= Beginning of Section =

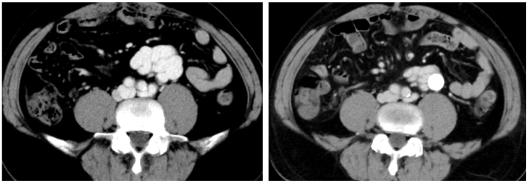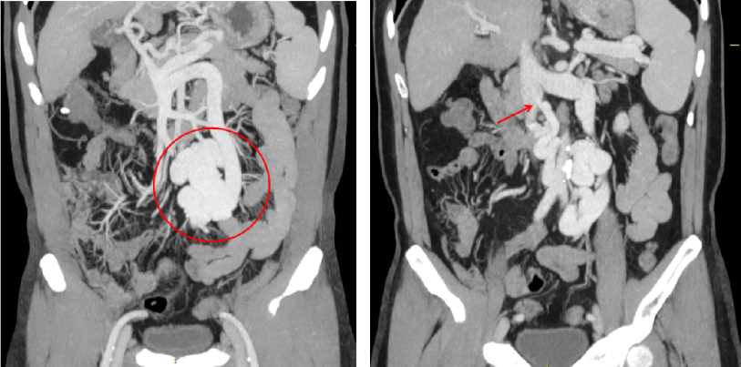 2023-08-10 多排CT全腹部直接增强:肝硬化,脾大,门静脉纤细,食管胃底静脉曲张、异常分流道(肠系膜下静脉-下腔静脉分流,引流端近下腔静脉肾静脉分叉处)
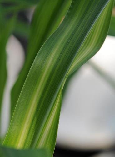 La hoja tiene apariencia listada con clorosis que van en paralelo a la nervadura empezando por la base de la hoja.
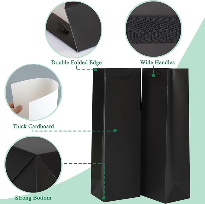 - 【Premium Quality】Wine gift bags with handles are made of thickened cardstock for a premium feel and durability. The widened handle ensures strong weight-bearing capacity, supporting up to 11 pounds (5 kilograms).
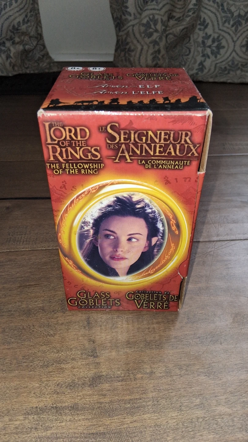 Glass goblet from The Lord of the Rings: The Fellowship of the Ring collection. Embossed with "Lord of the Rings The Fellowship of the Ring". Includes original box. Perfect for fans of the series!

= End of Section =

Only the lines from the one with "- 【Premium Quality】Wine" to the end of the listing, both ends included, should be retyped exactly; no pictures belong in the copy.

#### TASK SOLUTION
 - 【Premium Quality】Wine gift bags with handles are made of thickened cardstock for a premium feel and durability. The widened handle ensures strong weight-bearing capacity, supporting up to 11 pounds (5 kilograms).
 Glass goblet from The Lord of the Rings: The Fellowship of the Ring collection. Embossed with "Lord of the Rings The Fellowship of the Ring". Includes original box. Perfect for fans of the series!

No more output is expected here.